Record excerpts:

··········

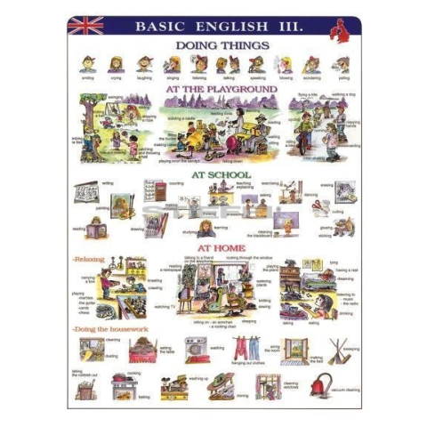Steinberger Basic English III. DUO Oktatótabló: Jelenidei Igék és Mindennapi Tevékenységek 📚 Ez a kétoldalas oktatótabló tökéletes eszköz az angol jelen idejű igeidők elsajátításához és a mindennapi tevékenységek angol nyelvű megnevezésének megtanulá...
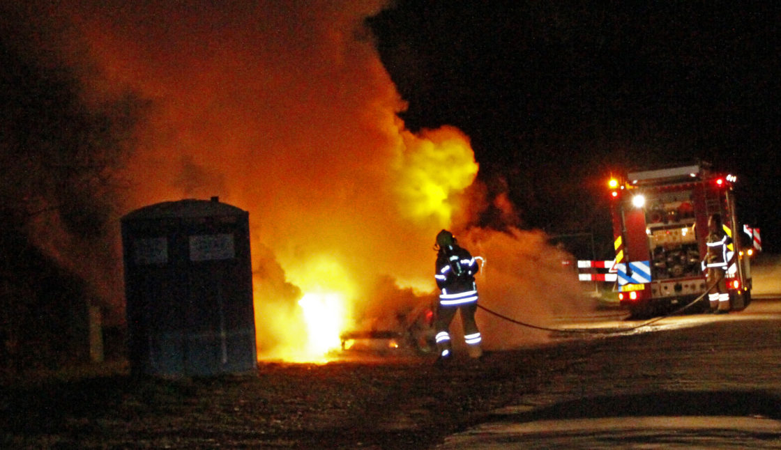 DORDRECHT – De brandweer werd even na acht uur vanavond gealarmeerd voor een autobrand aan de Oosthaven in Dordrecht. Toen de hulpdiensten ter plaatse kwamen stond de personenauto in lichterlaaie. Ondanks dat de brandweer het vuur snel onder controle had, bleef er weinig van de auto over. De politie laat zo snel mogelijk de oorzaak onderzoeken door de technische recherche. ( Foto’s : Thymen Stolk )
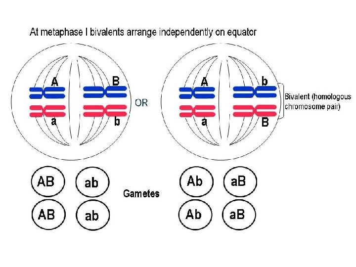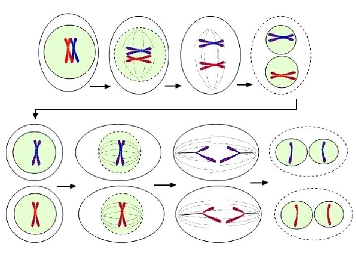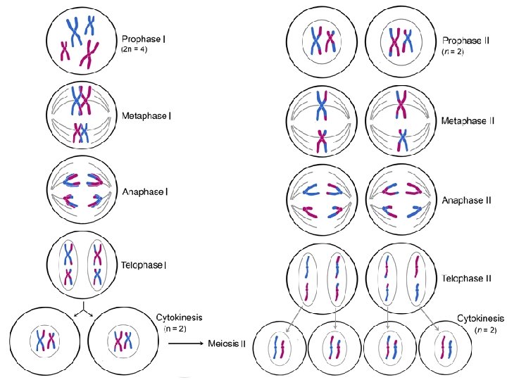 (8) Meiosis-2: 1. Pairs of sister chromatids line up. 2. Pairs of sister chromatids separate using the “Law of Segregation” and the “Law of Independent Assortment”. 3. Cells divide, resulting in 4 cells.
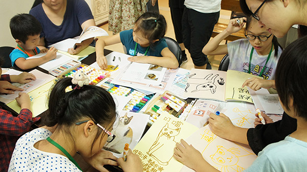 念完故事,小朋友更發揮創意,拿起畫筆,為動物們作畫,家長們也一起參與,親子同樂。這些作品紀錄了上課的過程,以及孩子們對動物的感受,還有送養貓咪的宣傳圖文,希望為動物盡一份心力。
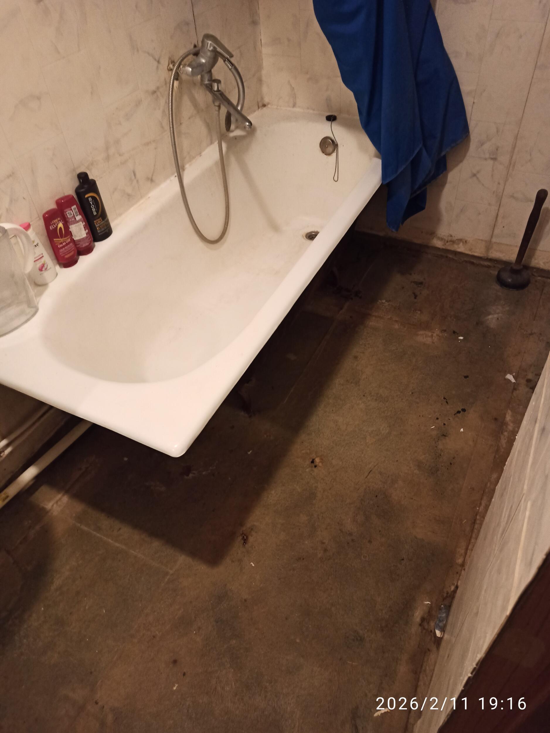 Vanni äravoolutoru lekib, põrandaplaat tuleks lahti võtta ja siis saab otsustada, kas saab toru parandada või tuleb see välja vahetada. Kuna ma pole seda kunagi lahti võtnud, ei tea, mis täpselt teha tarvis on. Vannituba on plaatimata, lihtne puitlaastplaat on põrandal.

··········

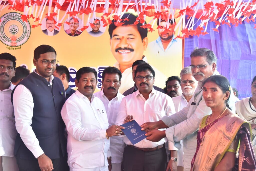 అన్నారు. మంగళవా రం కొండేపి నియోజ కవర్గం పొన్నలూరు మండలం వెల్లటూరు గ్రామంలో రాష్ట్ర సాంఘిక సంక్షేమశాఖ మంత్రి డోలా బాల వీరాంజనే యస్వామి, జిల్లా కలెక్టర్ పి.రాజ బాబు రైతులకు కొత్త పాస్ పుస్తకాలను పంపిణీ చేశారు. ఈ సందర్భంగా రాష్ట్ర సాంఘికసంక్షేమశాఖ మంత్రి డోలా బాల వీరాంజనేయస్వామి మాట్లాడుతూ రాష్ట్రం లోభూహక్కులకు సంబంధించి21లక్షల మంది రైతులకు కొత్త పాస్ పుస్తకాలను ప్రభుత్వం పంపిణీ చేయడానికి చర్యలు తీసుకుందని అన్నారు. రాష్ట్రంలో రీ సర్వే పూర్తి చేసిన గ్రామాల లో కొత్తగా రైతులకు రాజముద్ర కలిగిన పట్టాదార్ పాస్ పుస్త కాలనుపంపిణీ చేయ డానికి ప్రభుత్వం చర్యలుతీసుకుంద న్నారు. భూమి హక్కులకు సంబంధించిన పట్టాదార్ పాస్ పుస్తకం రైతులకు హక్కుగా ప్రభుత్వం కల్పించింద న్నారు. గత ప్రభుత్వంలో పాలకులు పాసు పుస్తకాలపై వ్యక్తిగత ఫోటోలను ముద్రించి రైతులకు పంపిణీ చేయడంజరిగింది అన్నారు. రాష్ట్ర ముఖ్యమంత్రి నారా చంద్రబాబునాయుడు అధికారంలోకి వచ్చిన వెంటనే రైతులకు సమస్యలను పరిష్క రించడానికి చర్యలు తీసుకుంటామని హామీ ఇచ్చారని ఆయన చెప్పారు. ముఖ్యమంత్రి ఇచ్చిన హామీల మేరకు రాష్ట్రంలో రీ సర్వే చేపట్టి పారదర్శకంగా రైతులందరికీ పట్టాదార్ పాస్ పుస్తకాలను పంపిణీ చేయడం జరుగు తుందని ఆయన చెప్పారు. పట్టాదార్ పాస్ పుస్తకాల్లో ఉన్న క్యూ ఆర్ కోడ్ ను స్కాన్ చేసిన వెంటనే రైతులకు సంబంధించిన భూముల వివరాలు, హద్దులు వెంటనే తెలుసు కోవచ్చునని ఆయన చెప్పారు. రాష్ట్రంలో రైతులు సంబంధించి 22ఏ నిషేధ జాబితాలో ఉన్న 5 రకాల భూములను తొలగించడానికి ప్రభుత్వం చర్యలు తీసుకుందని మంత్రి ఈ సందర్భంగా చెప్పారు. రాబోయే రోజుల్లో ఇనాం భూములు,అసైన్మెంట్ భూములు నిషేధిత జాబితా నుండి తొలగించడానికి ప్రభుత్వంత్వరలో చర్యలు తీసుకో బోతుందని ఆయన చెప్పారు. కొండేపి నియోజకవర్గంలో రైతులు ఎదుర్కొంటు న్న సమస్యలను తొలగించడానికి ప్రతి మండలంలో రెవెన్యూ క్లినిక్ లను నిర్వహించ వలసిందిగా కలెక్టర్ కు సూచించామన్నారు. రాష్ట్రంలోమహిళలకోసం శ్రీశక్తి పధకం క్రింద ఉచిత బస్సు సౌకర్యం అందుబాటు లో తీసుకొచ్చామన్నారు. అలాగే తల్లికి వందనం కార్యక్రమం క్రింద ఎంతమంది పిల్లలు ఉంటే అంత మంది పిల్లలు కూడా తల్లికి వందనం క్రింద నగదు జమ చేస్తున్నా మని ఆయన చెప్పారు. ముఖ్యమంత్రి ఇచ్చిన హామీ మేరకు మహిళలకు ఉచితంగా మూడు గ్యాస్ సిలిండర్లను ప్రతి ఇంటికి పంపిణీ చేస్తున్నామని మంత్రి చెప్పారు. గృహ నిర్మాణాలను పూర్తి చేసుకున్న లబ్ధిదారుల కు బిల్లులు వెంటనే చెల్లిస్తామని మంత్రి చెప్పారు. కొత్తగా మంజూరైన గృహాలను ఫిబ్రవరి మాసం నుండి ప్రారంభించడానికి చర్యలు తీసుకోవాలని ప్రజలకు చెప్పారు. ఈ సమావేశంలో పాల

··········

What the exercise asks:
Your output should be the lines above from the one that contains "(8) Meiosis-2: 1." through the one that contains "念完故事,小朋友更發揮創意,拿起畫筆,為", word for word, with pictures left out.

Task answer:
 (8) Meiosis-2: 1. Pairs of sister chromatids line up. 2. Pairs of sister chromatids separate using the “Law of Segregation” and the “Law of Independent Assortment”. 3. Cells divide, resulting in 4 cells.
 念完故事,小朋友更發揮創意,拿起畫筆,為動物們作畫,家長們也一起參與,親子同樂。這些作品紀錄了上課的過程,以及孩子們對動物的感受,還有送養貓咪的宣傳圖文,希望為動物盡一份心力。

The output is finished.